Ben Barak Ayelet, Golan Hana, Waldman Dalia, Arkovitz Marc S
Department of Pediatric Oncology, Rambam Medical Center, Rappaport Faculty of Medicine, Technion-Israel Institute of Technology, Haifa, Israel.
Department of Pediatric Oncology, Sheba Medical Center, Tel Hashomer, Israel.
Isr Med Assoc J. 2017 Nov;19(11):691-695.
Neuroblastoma is the most common non-central nervous system (CNS) solid malignant tumor in children. The surgical treatment of high-risk neuroblastoma presents a challenge, and the benefits of aggressive surgical resection have been called into question.
To examine our experience with surgical resection of neuroblastoma.
We report on a retrospective chart review of our preliminary surgical experience in 25 patients with neuroblastoma who underwent surgery performed by a single surgeon at two institutions over a 3 year period. Demographic data, including stage of tumor and risk stratification, were recorded. Primary outcome was total gross resection. Patients were followed for 3 years after surgery.
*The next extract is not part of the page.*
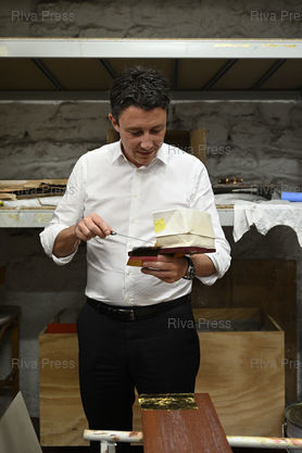 Légende : Benjamin Griveaux, candidat LREM à la mairie de Paris, rencontre des artisans d'art de l'atelier Mériguet-Carrère. Dorure à la feuille d'or /// Benjamin Griveaux, LREM candidate for mayor of Paris, meets artisans of the workshop Mériguet-Carrère. Gildind with gold leaf - Paris - 17/09/2019 - Photo © Lionel Préau +33 (0)6 68 12 83 77

We found that 80% of the patients, including those with high-risk neuroblastoma tumors, had total gross resection of their tumor with minimal operative morbidity and no mortality; 88% had greater than 90% resection of their tumor. Overall, 3 year survival was 84% (21/25).
Resection of neuroblastoma, even large, high-risk, bilateral tumors, was possible when performed by surgical teams with considerable experience.
神经母细胞瘤是儿童最常见的非中枢神经系统(CNS)实体恶性肿瘤。高危神经母细胞瘤的外科治疗具有挑战性,积极手术切除的益处也受到质疑。
探讨我们在神经母细胞瘤手术切除方面的经验。
我们报告了一项回顾性病历审查,内容是一名外科医生在两家机构3年期间对25例神经母细胞瘤患者进行手术的初步经验。记录了人口统计学数据,包括肿瘤分期和风险分层。主要结局是肿瘤全切除。患者术后随访3年。
我们发现,80%的患者,包括那些患有高危神经母细胞瘤肿瘤的患者,实现了肿瘤全切除,手术并发症极少且无死亡;88%的患者肿瘤切除率超过90%。总体而言,3年生存率为84%(21/25)。
由经验丰富的手术团队进行神经母细胞瘤切除,即使是大型、高危、双侧肿瘤也是可行的。